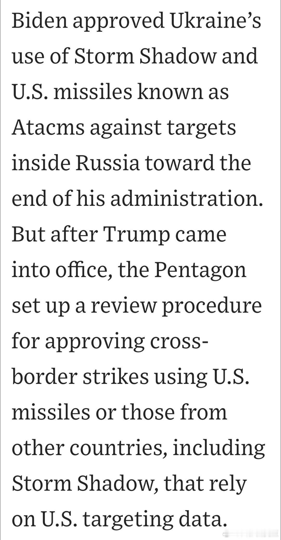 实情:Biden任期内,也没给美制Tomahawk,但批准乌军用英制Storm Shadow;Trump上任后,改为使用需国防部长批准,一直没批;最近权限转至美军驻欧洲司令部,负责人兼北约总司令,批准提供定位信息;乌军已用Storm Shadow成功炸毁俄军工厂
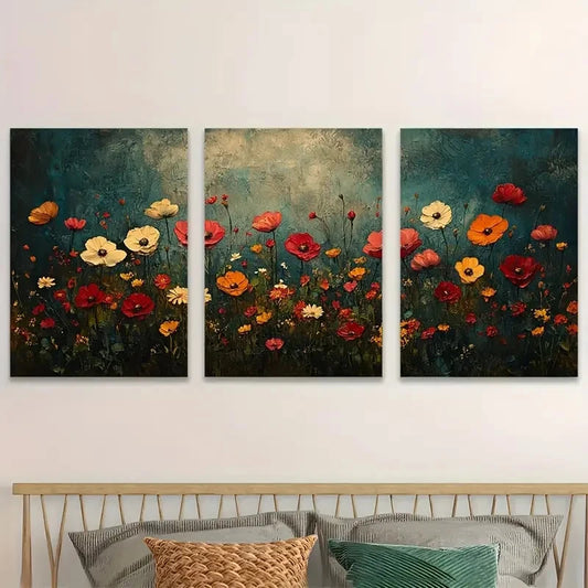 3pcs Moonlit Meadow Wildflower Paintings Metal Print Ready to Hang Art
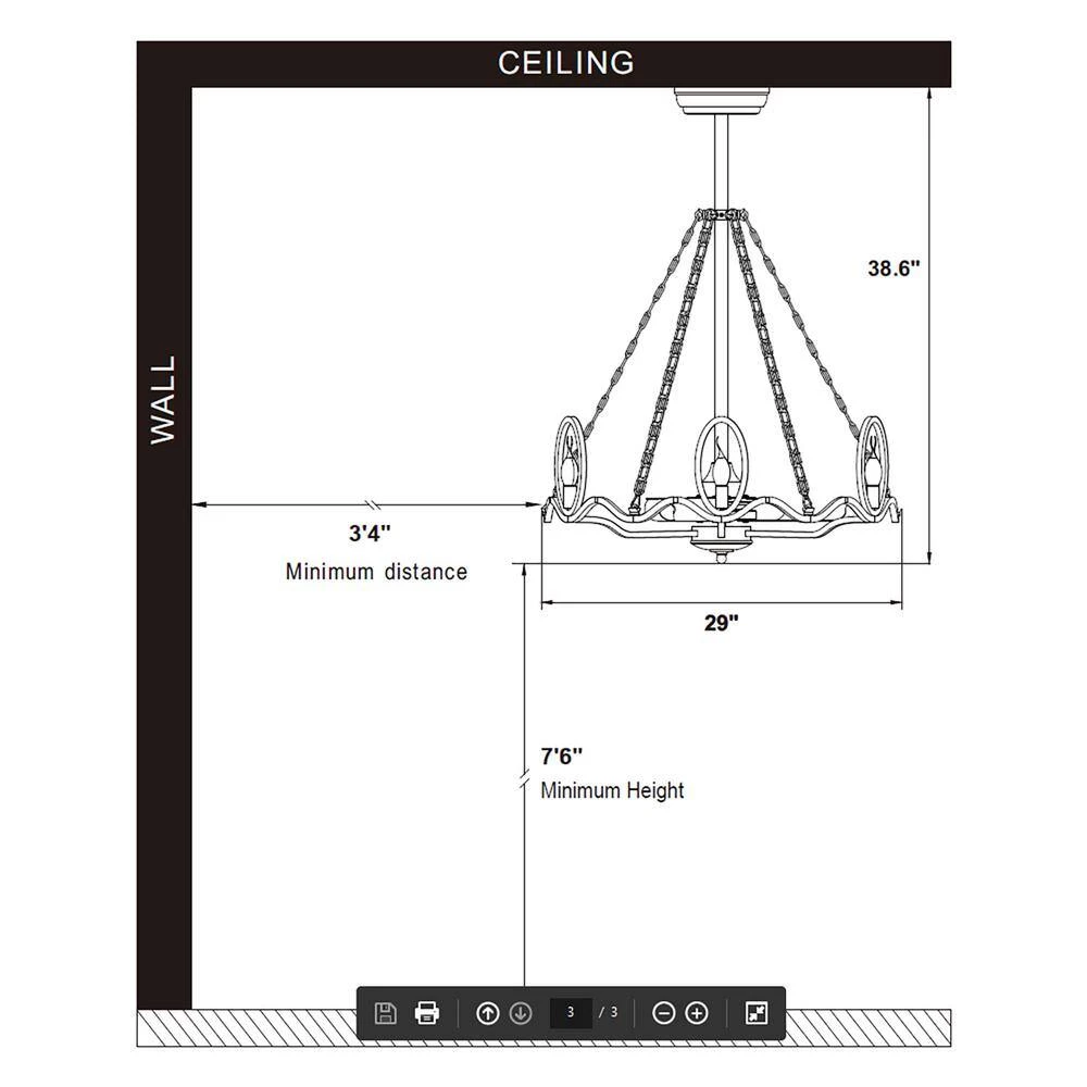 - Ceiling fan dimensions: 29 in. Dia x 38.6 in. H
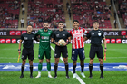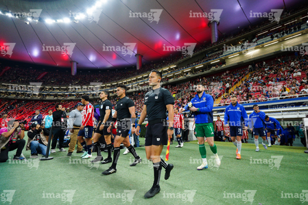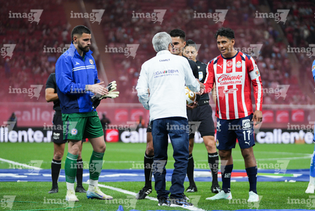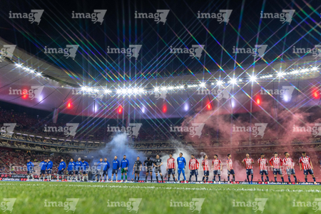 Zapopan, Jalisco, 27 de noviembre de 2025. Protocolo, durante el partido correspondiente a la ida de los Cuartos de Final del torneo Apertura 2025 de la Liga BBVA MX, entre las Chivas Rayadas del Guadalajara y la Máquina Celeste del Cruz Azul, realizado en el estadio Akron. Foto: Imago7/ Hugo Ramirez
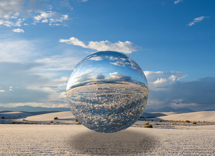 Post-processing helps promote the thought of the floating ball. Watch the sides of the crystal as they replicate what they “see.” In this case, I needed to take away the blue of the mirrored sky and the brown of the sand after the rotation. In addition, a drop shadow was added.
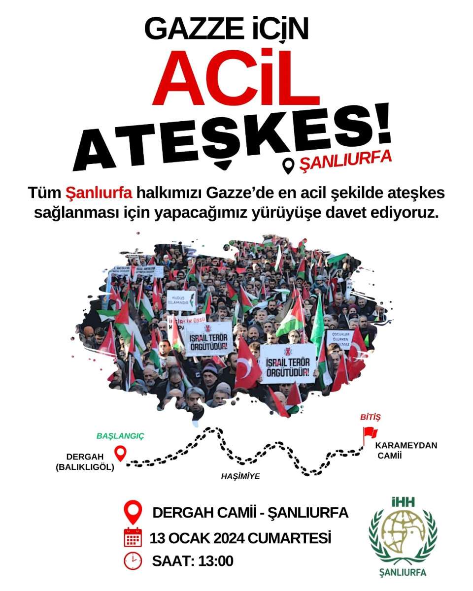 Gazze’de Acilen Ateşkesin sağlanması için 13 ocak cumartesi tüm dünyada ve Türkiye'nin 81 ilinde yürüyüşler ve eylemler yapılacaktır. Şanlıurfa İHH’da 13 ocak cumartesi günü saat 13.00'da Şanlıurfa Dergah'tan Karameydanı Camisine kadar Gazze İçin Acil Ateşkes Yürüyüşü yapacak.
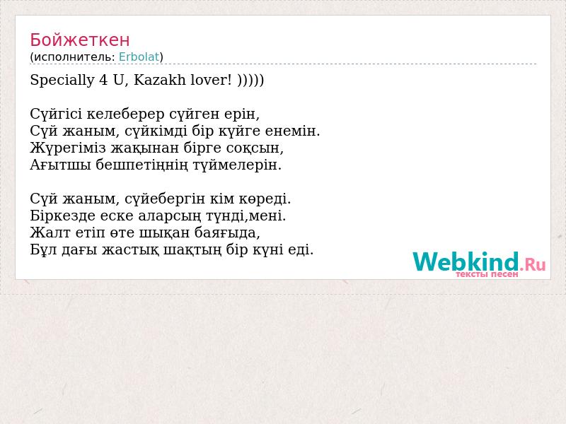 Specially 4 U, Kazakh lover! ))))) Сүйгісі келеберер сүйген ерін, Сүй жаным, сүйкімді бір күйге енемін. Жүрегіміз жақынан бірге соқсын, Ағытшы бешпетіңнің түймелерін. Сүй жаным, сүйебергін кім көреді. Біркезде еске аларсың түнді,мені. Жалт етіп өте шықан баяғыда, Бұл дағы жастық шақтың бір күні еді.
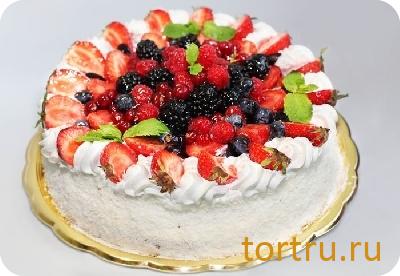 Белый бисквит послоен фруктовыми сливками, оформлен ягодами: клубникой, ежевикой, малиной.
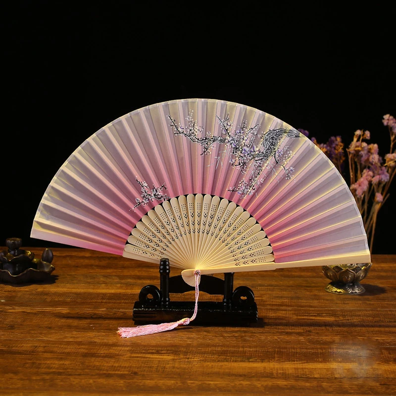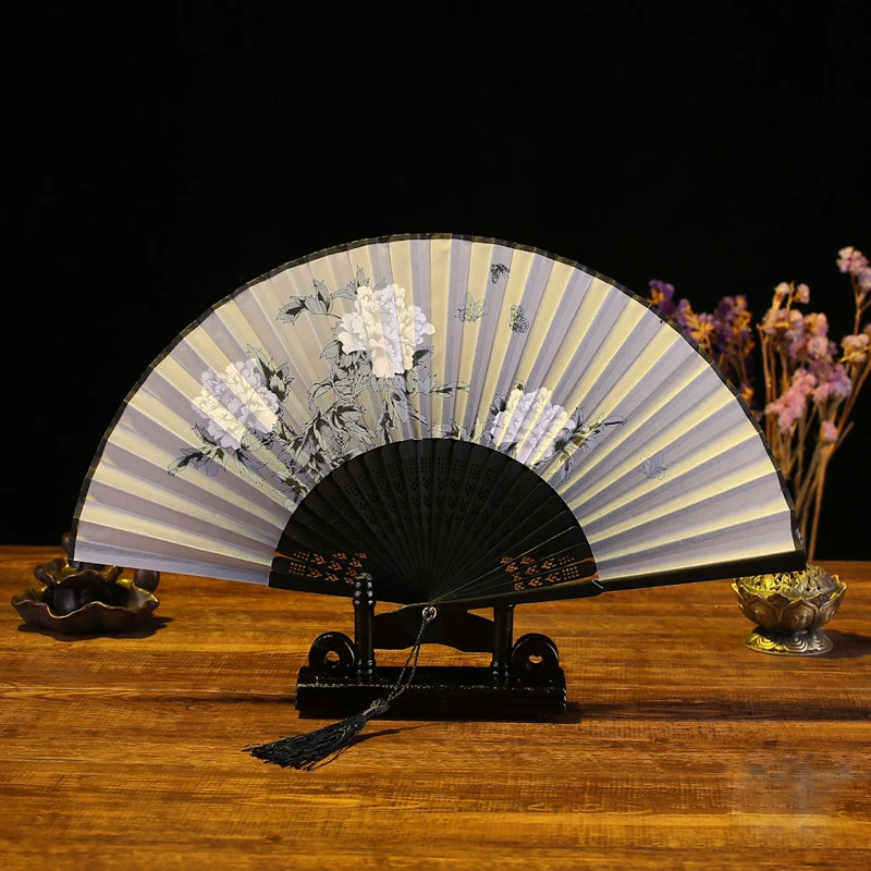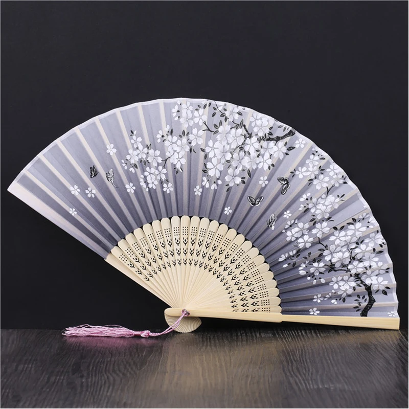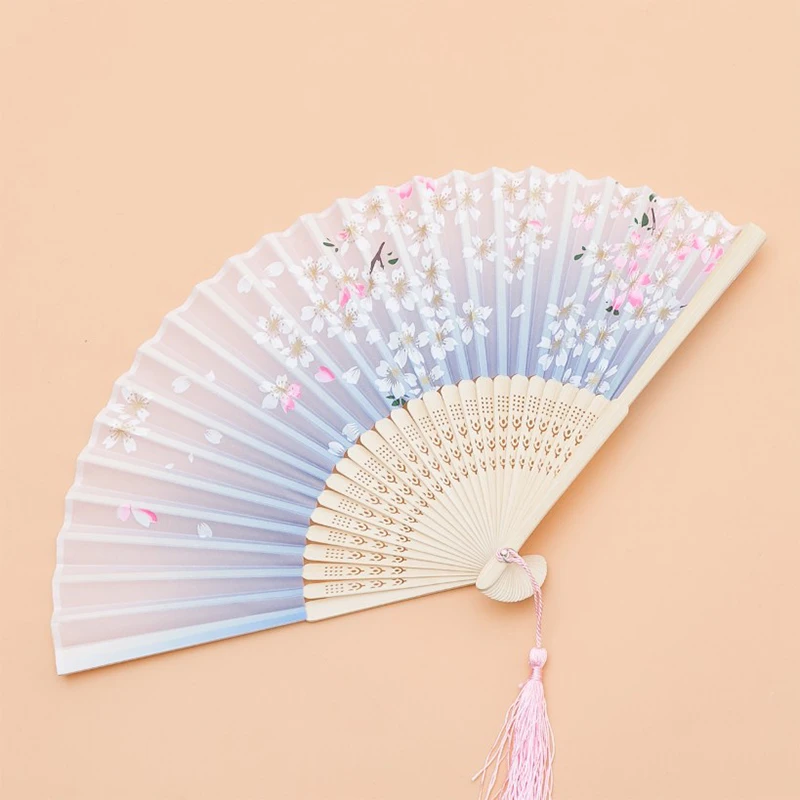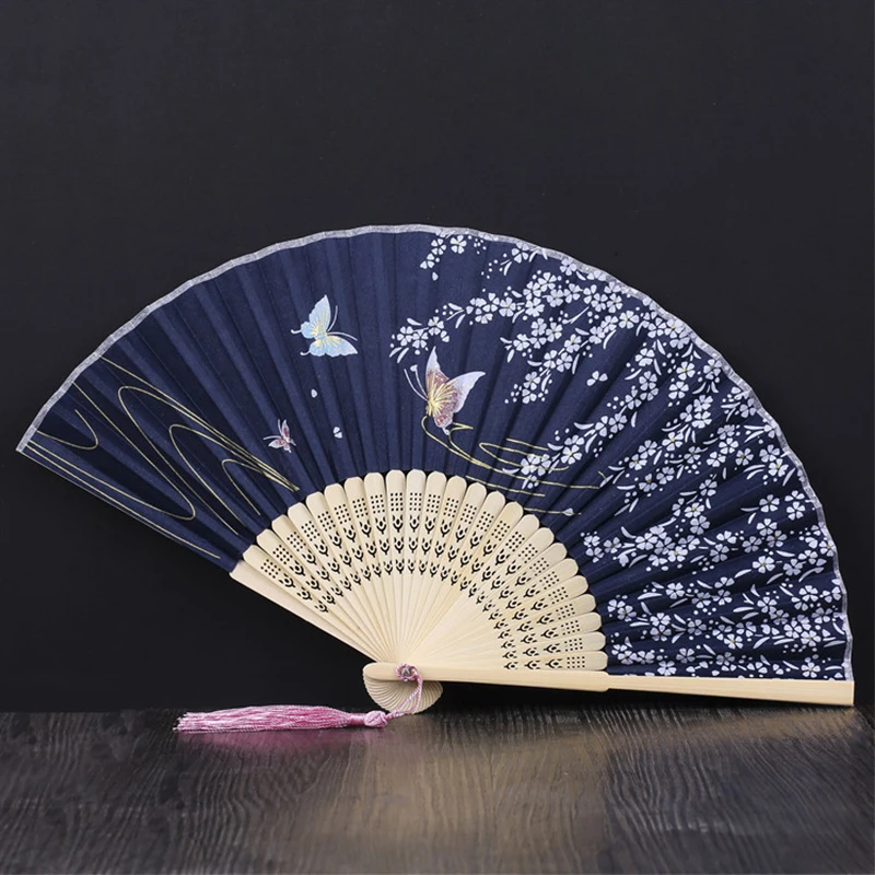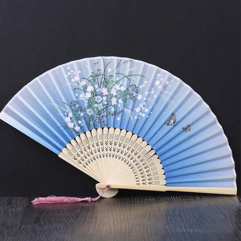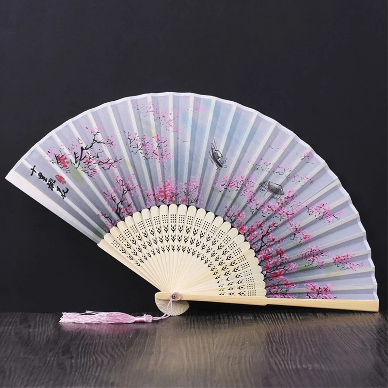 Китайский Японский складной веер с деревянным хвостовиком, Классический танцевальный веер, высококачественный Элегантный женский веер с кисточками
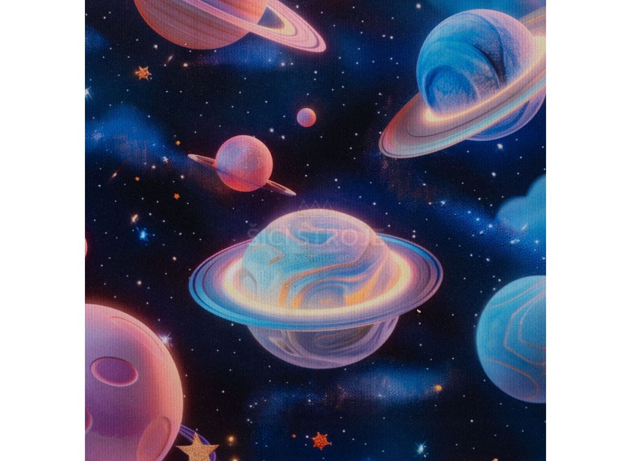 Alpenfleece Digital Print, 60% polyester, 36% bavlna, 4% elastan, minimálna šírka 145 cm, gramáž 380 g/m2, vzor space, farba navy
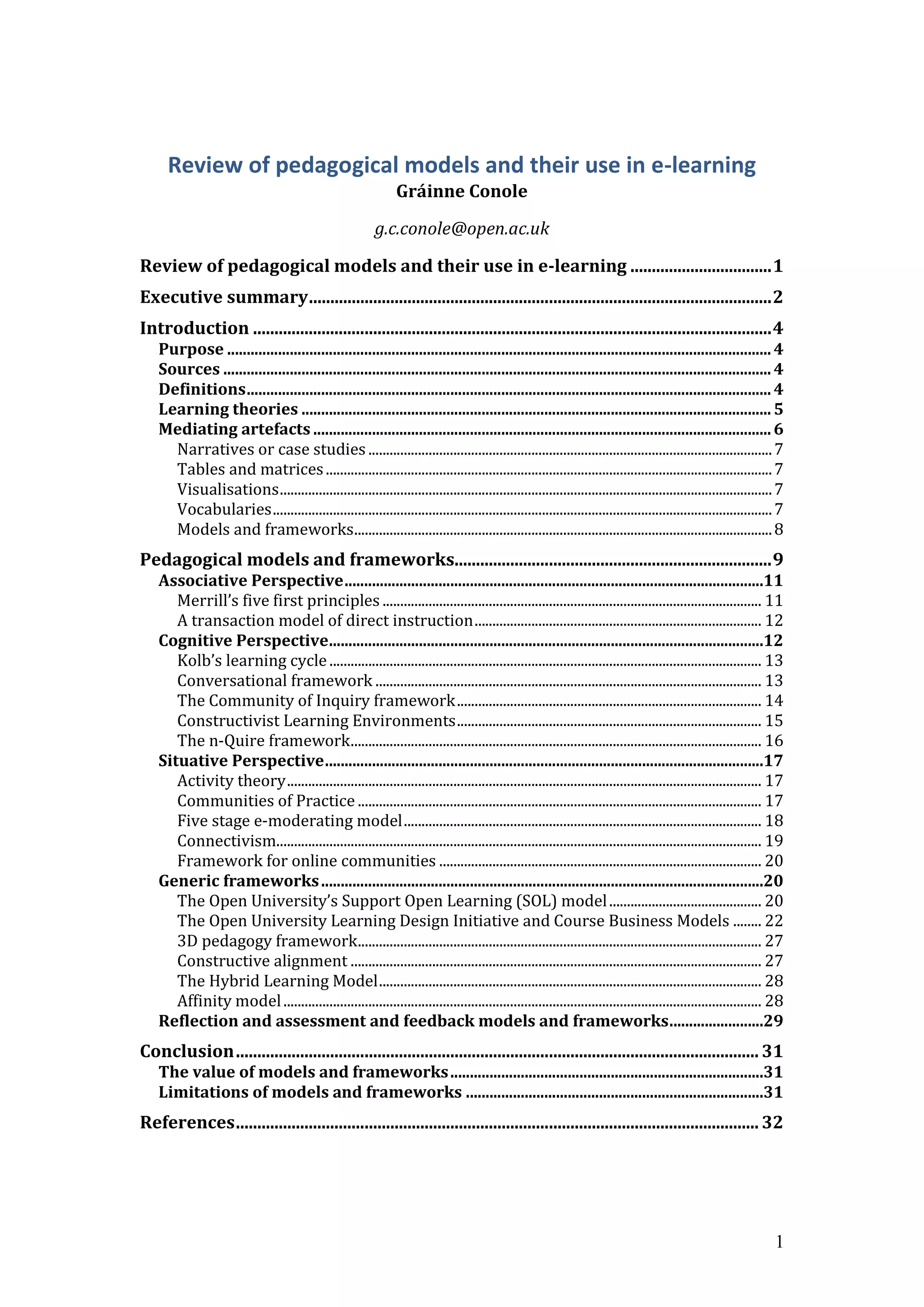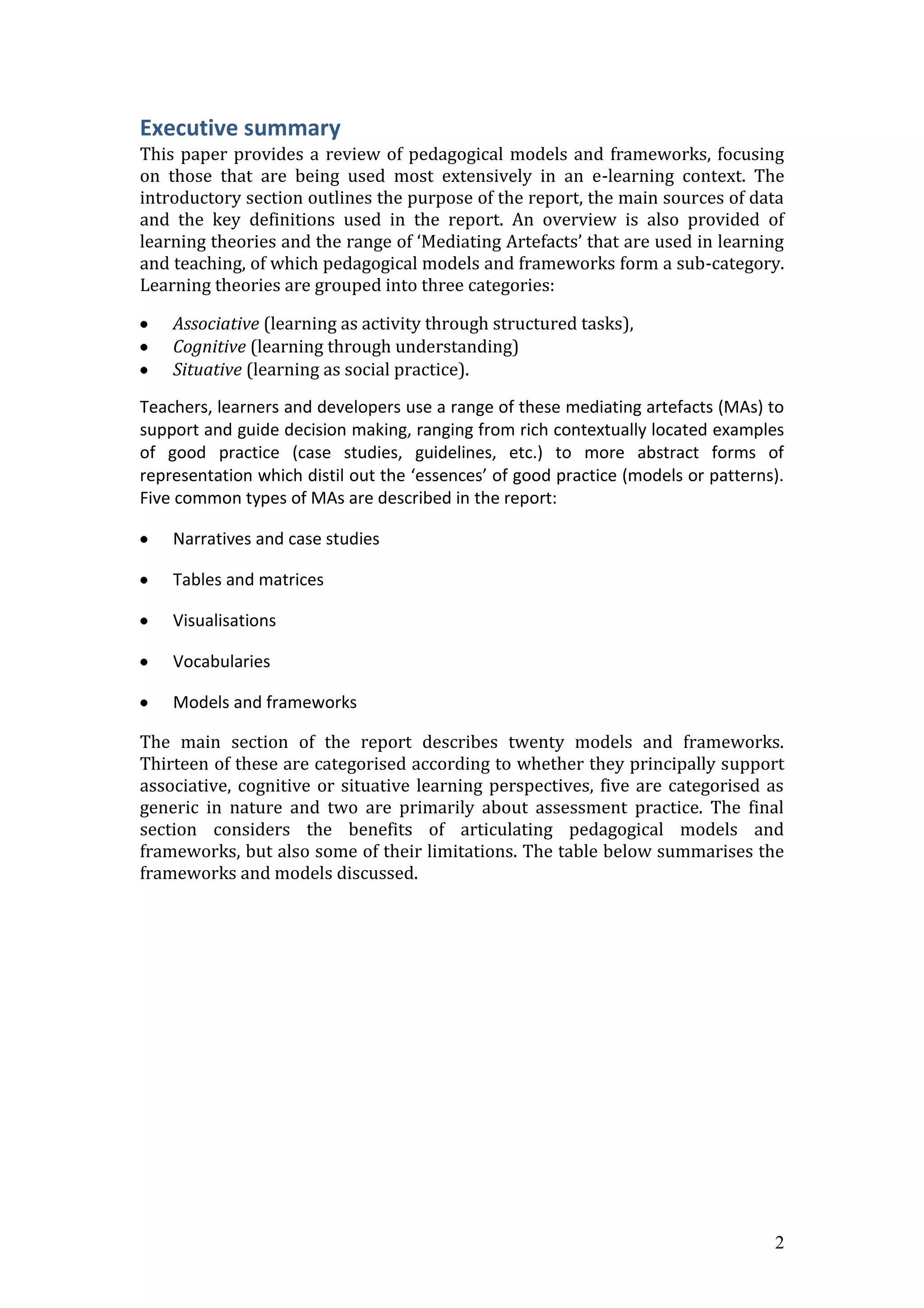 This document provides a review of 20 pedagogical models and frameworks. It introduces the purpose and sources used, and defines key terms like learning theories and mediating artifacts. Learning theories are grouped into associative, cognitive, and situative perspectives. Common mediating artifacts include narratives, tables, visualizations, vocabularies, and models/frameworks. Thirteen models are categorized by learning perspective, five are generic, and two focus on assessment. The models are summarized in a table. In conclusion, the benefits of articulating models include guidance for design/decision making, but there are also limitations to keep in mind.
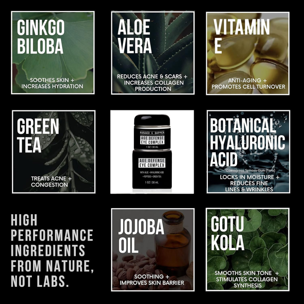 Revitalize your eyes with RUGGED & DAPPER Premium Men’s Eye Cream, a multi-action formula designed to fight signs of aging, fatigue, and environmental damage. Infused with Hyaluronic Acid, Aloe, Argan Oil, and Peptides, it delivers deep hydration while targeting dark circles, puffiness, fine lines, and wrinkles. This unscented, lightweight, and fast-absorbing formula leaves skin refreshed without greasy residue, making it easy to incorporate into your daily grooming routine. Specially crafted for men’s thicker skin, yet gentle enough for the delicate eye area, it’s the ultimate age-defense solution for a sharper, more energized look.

+++++

Skip all pictures. Copy exactly the lines from the one containing "Белый бисквит послоен" through the end of the records, both ends included.

 Белый бисквит послоен фруктовыми сливками, оформлен ягодами: клубникой, ежевикой, малиной.
 Китайский Японский складной веер с деревянным хвостовиком, Классический танцевальный веер, высококачественный Элегантный женский веер с кисточками
 Alpenfleece Digital Print, 60% polyester, 36% bavlna, 4% elastan, minimálna šírka 145 cm, gramáž 380 g/m2, vzor space, farba navy
 This document provides a review of 20 pedagogical models and frameworks. It introduces the purpose and sources used, and defines key terms like learning theories and mediating artifacts. Learning theories are grouped into associative, cognitive, and situative perspectives. Common mediating artifacts include narratives, tables, visualizations, vocabularies, and models/frameworks. Thirteen models are categorized by learning perspective, five are generic, and two focus on assessment. The models are summarized in a table. In conclusion, the benefits of articulating models include guidance for design/decision making, but there are also limitations to keep in mind.
 Revitalize your eyes with RUGGED & DAPPER Premium Men’s Eye Cream, a multi-action formula designed to fight signs of aging, fatigue, and environmental damage. Infused with Hyaluronic Acid, Aloe, Argan Oil, and Peptides, it delivers deep hydration while targeting dark circles, puffiness, fine lines, and wrinkles. This unscented, lightweight, and fast-absorbing formula leaves skin refreshed without greasy residue, making it easy to incorporate into your daily grooming routine. Specially crafted for men’s thicker skin, yet gentle enough for the delicate eye area, it’s the ultimate age-defense solution for a sharper, more energized look.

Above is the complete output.